I'm not sure how viable this is going to be, but I'm thinking of converting a GT Aggressor to a semi road bike.. Thinner tyres, still with disc brakes, for road/Trail use.. and Lockable Suspention.... big comfy seat.. and (excuse my ignorance) those handlebars witht curvy bits on them.... does anyone think this is a viable idea??


----------



## Trumpettom001 (5 Jul 2009)

P.S. I was considering this as an alternative - I especially like the invisibe disc brakes, mentioned in the description!!!! good old Halfrauds

http://www.halfords.com/webapp/wcs/..._productId_240415_langId_-1_categoryId_165710


----------



## Bman (12 Jul 2009)

Hi Tom

The handlebars you are talking about are "Drop bars" Im not sure if they will fit on the GT frame, but dont quote me on that 

Have you got the XC3 already? I have the XCR and that comes standard with lockable front forks. 
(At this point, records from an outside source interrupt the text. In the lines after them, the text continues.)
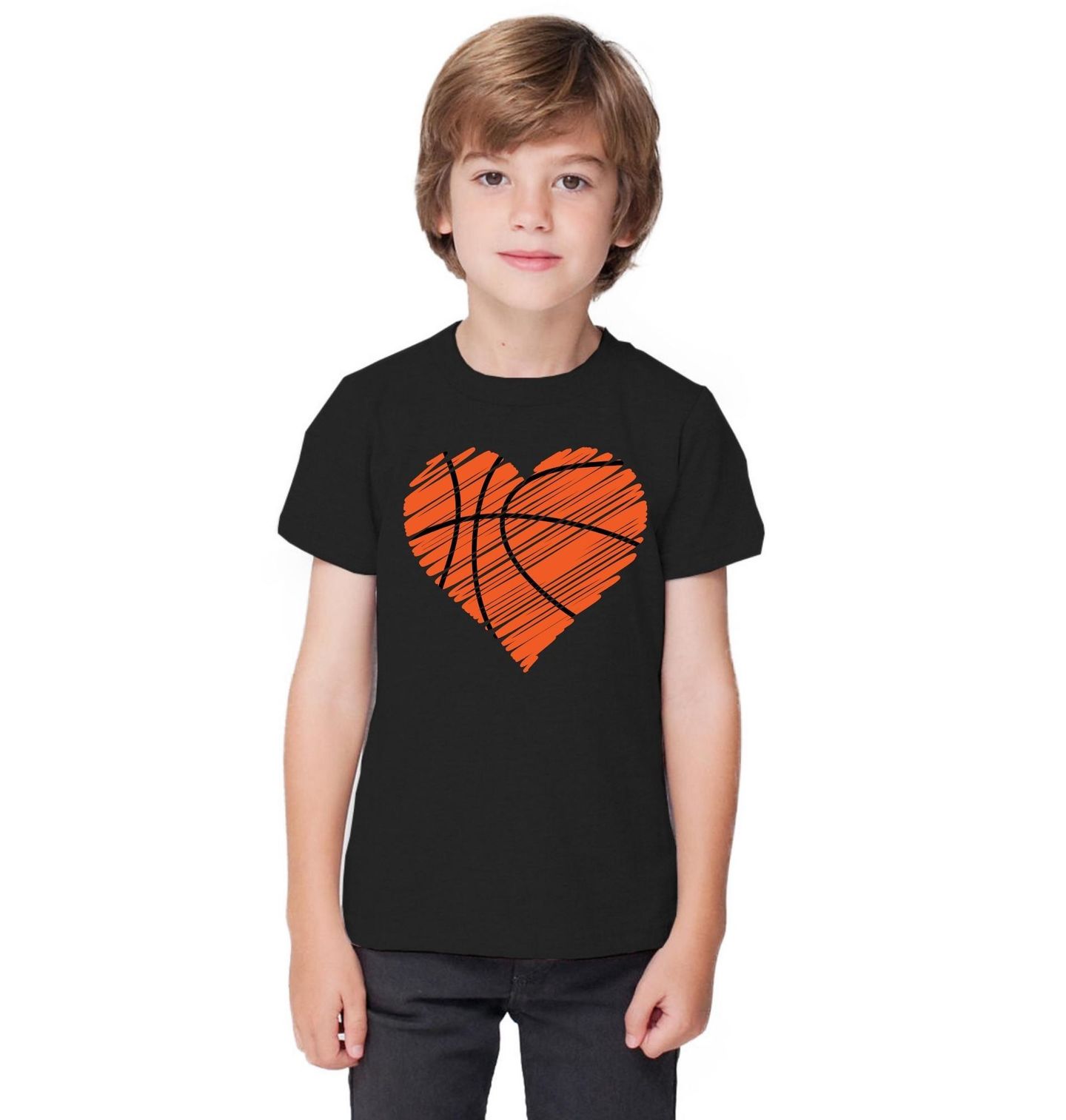 Dětské tričko Srdce Basketbalu. Tento něžný a zároveň výrazný motiv spojuje basketbal a srdce – protože kdo jednou propadne oranžovému míč, ten ví, že sport může být opravdová láska. Design ve tvaru srdce s typickými liniemi basketbalového míč je ideální pro hráče, fanoušky i trenéry, kteří chtějí ukázat, že jejich srdce bije pro basketbal.
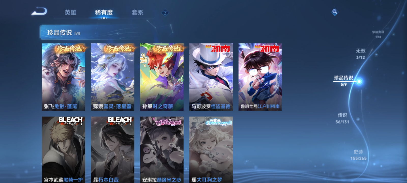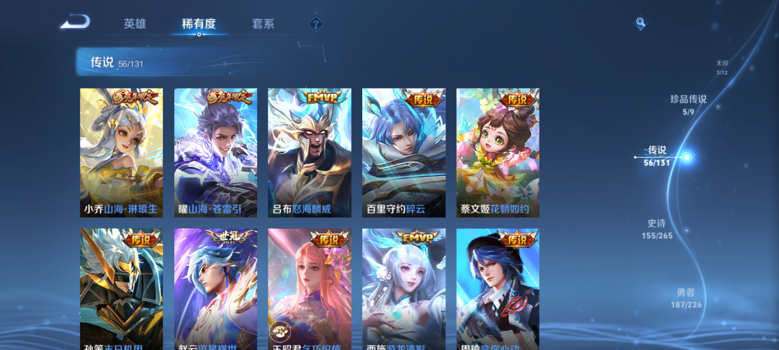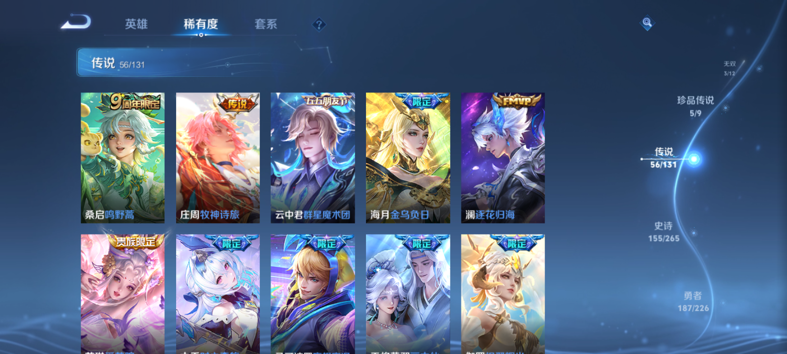【王者荣耀】【lywz21210】珍品无双0 典藏4 无双3 珍品传说5 传说56 史诗155 英雄128 皮肤492 贵族10级 荣耀典藏:武则天|神鉴启示录|银白咏叹调|幻阙歌|最初的交响__无双皮肤:群星魔术团|花合斗|神器·明辉仪__珍品传说:江户川柯南|怪盗基德|孙策-时之奇旅|器灵·落星盏|兔狲·蓬尾__传说皮肤:鸣野蒿|花朝如约|绛天战甲|炽阳神光|启明星使|胖达荣荣|地狱之眼|地狱火|海洋之心|孙策-末日机甲|仲夏夜之梦|云霓雀翎|久胜战神|黄金狮子座|黄金射手座|黄金白羊座|猫影幻舞|刘备-时之恋人|一念神魔|云鹰飞将|冠军飞将|游龙清影|乞巧织情|淬星耀世|炽翼辉光|画中仙|孙尚香-末日机甲|白虎志|大乔-时之奇旅|金乌负日|怒海麟威|祈雪灵祝|时雨天司|碎云|太华|天魔缭乱|妄想实况|武圣|小乔-音你心动|周瑜-音你心动|逐花归海|觅芳踪|山海·苍雷引|山海·琳琅生|云中君-群星魔术团|牧神诗旅|玄雷天君|幻光神呛|愿照·岁时盈|愿照·山河定|愿照·九州拓|愿照·众生和|愿照·千秋盛|千劫归真|神树通天|纵目迁山__稀有限定:寅虎·御盾|白晶晶|至尊宝|虞姬-霸王别姬|纯白花嫁|岱宗|幽恒|飞衡|神威|烈魂|龙胆|白鹤梁神女|孙行者|李小龙|梁祝|狮舞东方|唐三藏|拒霜思|暗影游猎|白昼王子|百解令|冰霜恋舞曲|冰霜神祇|大漠名商|地狱燃心|电玩高手|繁星吟游|高山流水|古海寻踪|海滩派对|海盐诗旅|航海奇遇记|胡桃异想国|华丽摇滚|幻夜卜梦|皇家上将|辉光之辰|混沌棋|火炮绅士|剑破天穹|江河有灵|金庭之子|狂想玩偶喵|蓝屏警告|黎明之约|迷踪丽影|魔术师|女武神|奇幻香踪|千军破阵|擒涛扼浪|青焰无极|穷奇|驱傩正仪|燃音魔法|沙漠行僧|朔风刀|死亡摇滚|探海日志|饕餮|醍醐杖|天狼狩猎者|天狼溯光者|天狼运算者|天穹祈灯|阿古朵-顽趣|万华元夜|妄想食味|无心|五谷丰年|午后时光|纤云弄巧|星界游侠|星空之诺|驯魔猎人|演武夺筹|夜都怪侠|疑决卦|阴阳师|吟游魔法|银河之约|优雅恋人|游园惊梦|遇见飞天|御旌|御銮|御狮|云间偶戏|真爱魔法|暗夜贵公子|暗夜猫娘|暗隐猎兽者|暗渊魔法|白蛇|缤纷独角兽|冰冠公主|冰雪圆舞曲|苍穹之光|乘风破浪|大乔-猫狗日记|德古拉伯爵|地狱岩魂|电玩小子|功夫厨神|鬼剑武藏|唤灵魅影|黄金分割率|箭羽风息|节奏热浪|金属风暴|乐园奇幻夜|李元芳-蔬乡物语|龙鼓争鸣|龙骑士|吕布-末日机甲|魅力维加斯|魅语|梦奇-顽趣|女仆咖啡|偶像歌手|奇遇舞章|千筹问战|青蛇|热力回旋|赏金猎手|上官婉儿-群星魔术团|绅士熊喵|圣诞狂欢|圣诞恋歌|诗语江南|鲁班七号-蔬乡物语|水果甜心|水晶猎龙者|孙策-猫狗日记|天才门将|天秀·幻梦|天秀·启明|天秀·音浪|晚萤|赵云-未来纪元|星夜王子|雪上飞焰|摇滚巨星|银翎春语|鹰眼统帅|永昼|幽灵船长|遇见神鹿|月团寄思|钟无艳-超时空战士|逐浪之夏|紫霞仙子|百里守约-百相守梦|老夫子-百相守梦|陌上桑|谪仙醉月|噬灭天穹|敬我三分|炽弈燎原|撼地雄心|破空之剑|东方月初|涂山红红|蔡文姬-夏日便利店|虞姬-夏日便利店|天穹之誓|安琪拉-时之奇旅|修罗|曙光守护者|心灵战警|千年之狐|孙尚香-时之恋人|无限星赏官|舞动绿茵|特工魅影|心灵骇客|茶境仙|谧流熔炉|器灵·浮梦炉|狼魂孤将|绮世丹青|化蝶舞|御霄|烛龙|原初探秘者|重明|云中旅人|玲珑珍味|单词大作战|朔望之晖|钟馗-神迹守卫|孙悟空-神迹守卫|达摩-星际陆战队|流音漫舞|访茗客|暖冬·兔眠|灵卜魔法|夺宝奇兵|苍威无极|圣弓游侠|墨子-神迹守卫|落雪兰心|华尔街大亨|刘禅-鸭鸭历险记|沈梦溪-鸭鸭历险记|灵蛊蚀心|龙之律动|布丁狗之约|虚灵犬护|石田雨龙|逆浪荇歌|孙策-百相守梦|周瑜-百相守梦|戍鼓铭心|黄忠-百相守梦|涂山容容|光弋星穹|傩神司|往忆晖光|荣光之誓|鹤鸣心笺__优质皮肤:尼罗河女神|一千零一夜|创世神祝|年年有余|埃及法老|孤猎|木偶奇遇记|熊喵少女|午夜歌剧院|火炮千金|露花倒影|未来旅行|激情绿茵|海之征途|天启骑士|碧珀绯影|秩序猎龙将|锦衣卫|冰刃幻境|森|超能战警|英喵野望|维京掠夺者|海军大将|绯红之刃|踏雪寻梅|启蛰|战争骑士|伊势巫女|画中游|生化警戒|威尼斯狂欢|第七人偶|潮流仙人|芝加哥教父|街头旋风|绝影神呛|地府判官|荷鲁斯之眼|幸存者|赤焰之缨|福禄兄弟|隐刃|前尘|特种部队|三太子|精灵王|剑舞者|范海辛|星航指挥官|龙域领主|爱与和平|占星师|花间舞|魇语军师|极冰防御线|花见巫女|棒球奇才|东海龙王|蔷薇王座|灼热之刃|精准探案法|圣殿之光|帝国元帅|神奇女侠|战争女神|霓裳曲|加勒比小姐|阿摩司公爵|异域舞娘|精灵公主|修竹墨客|万圣前夜|怪诞之夜|破阵·退雄兵|暗都幽影|功夫炙烤|幻夜行动|聚星闪耀|潮玩探月行|秘密基地|次元突破|鲨炮海盗猫|野性能量|丁香结|奇妙博物学|虹云星官|科学大爆炸|守护之力|坚韧之力|幻乐之宴|功夫老勺|命运角斗场|幻想奇妙夜|海滩丽影|阿尔法小队|兔女郎|死亡骑士|黄金武士|少女阿狸|天使之翼|玩偶对对碰|宫本武藏-未来纪元|东方不败|红桃皇后|忍·炎影|爱心护理|街头霸王|教廷特使|金色潮汐|漠中幻影|时空谍影|破局者|零食大作战|西部游侠|太极少年|牛运亨通|幻泉雾影|潮玩造梦师|危途狂花|重装意志|次元傲视|无尽征程|幽兰居士|如懿|进击墨子号|拳王|时尚教父|救世之瞳|白色死神|爱与正义|程咬金-星际陆战队|白执事|大发明家|哥特玫瑰|魅影绮裳|西施-
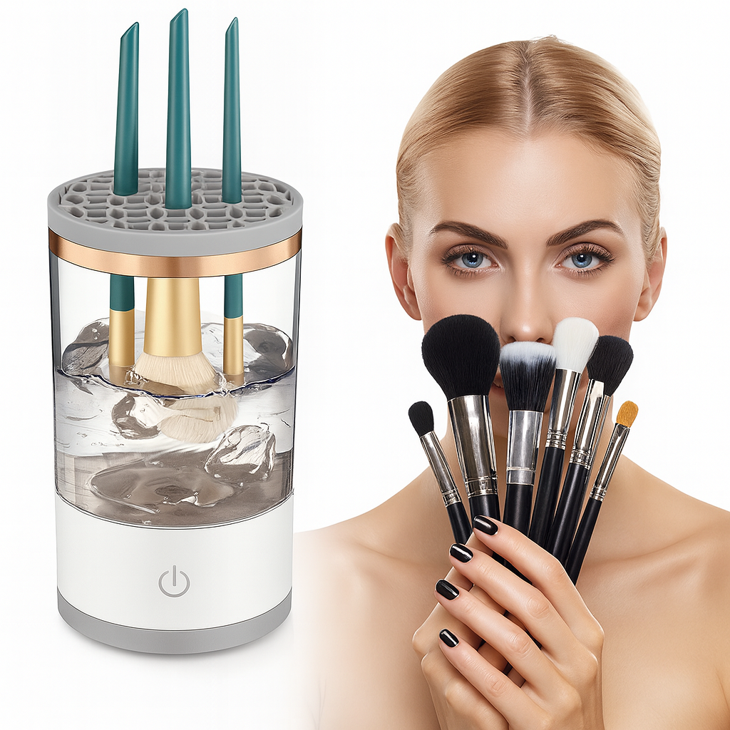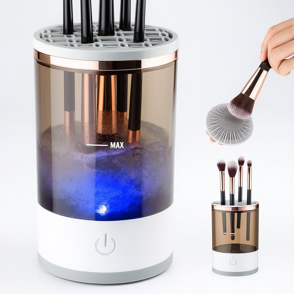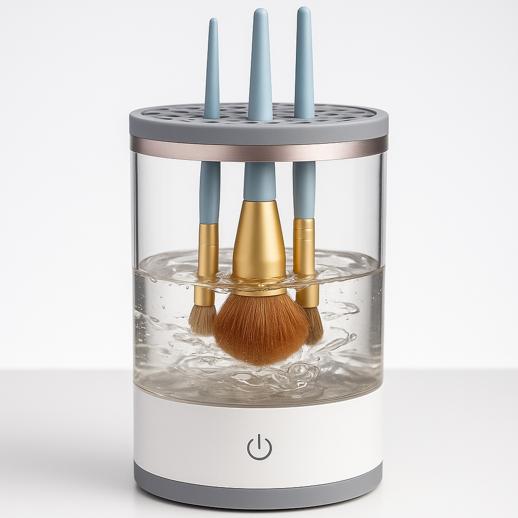 La máquina realiza una limpieza profunda que elimina por completo los residuos de base, polvos y aceites acumulados, dejando las cerdas limpias y listas para el siguiente uso sin esfuerzo manual.
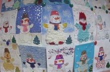 В старшей Б группе был объявлен конкурс на тему «Снеговик». Воспитатель ВалееваТ.В провела совместно с детьми и родителями беседу, как можно готовых снеговиков оформить разными нетрадиционными способами и организовала выставку рисунков. Каждый ребенок показал свой рисунок и рассказал, почему именно так он его оформил, какие материалы применял при работе. Дети и родители остались довольны своими работами.

Im also thinking of putting thinner tyres on my XCR. Big fat nobbly 2.35" tyres are ok for wet weather, bridleways and off-road, but I wouldnt mind being able to swap them for semi-slicks when I just want a quick commute to work. 
Only problem is my Alex DP20 rims are 2cm wide! I may have to get a thinner set


----------



## chris667 (13 Jul 2009)

It's possible, but wether or not it's worth doing is a different story.
Drop handlebars are thicker, which means a new stem. You'll also need new brake levers which means either a cable disc or no disc at all and barend shifters unless you want to run your bike as a singlespeed or use STI levers which will mean a new front mech and chainset.
Really, the suspension forks and discs are dead weight on a road bike; that's the reason road bikes don't have them.
TBH, if you wanted to get a road bike, I'd sell the GT and buy one. If you don't do death defying offroad stuff, something like a tourer would cope with bridleways without a problem and run rings around it on the road.


----------



## hubgearfreak (13 Jul 2009)

chris is right, except the bit where he says sell one. 

just buy another and have two bikes. 

and then repeat..till you either need a barn or the missus really puts her foot down

i'm surprised at you chris you ought to know better


----------



## chris667 (16 Jul 2009)

No, it doesn't count when the bikes have those nasty weird things that wiggle the chains around hanging off them.


----------



## Trumpettom001 (27 Jul 2009)

OK problem solved.

I work (volunteer really) for an organisation called Action 21 - one of their projects is to take bikes that would otherwise have gone to landfill, recondition them, and then turn them into semi road worthy bikes, and use the profits from that to fund renewable energy projects.... long story short, someone has just donated a 27 speed road bike, with integrated brakes/gear shifters. (this was the only thing stopping me buying a road bike from them in the first place). the only racers we used to have were the ones with frame mounted gear shifts (i hate these things - I hate getting my finger caught in the wheel.) so anyway - the GT XC3 is gonna be my electric bike when I get tround to converting it, and when I find the name of the 27 speed race/road bike, I'll post a couple piccies of my new (old) 27 speed for 40 quid.

Tom


----------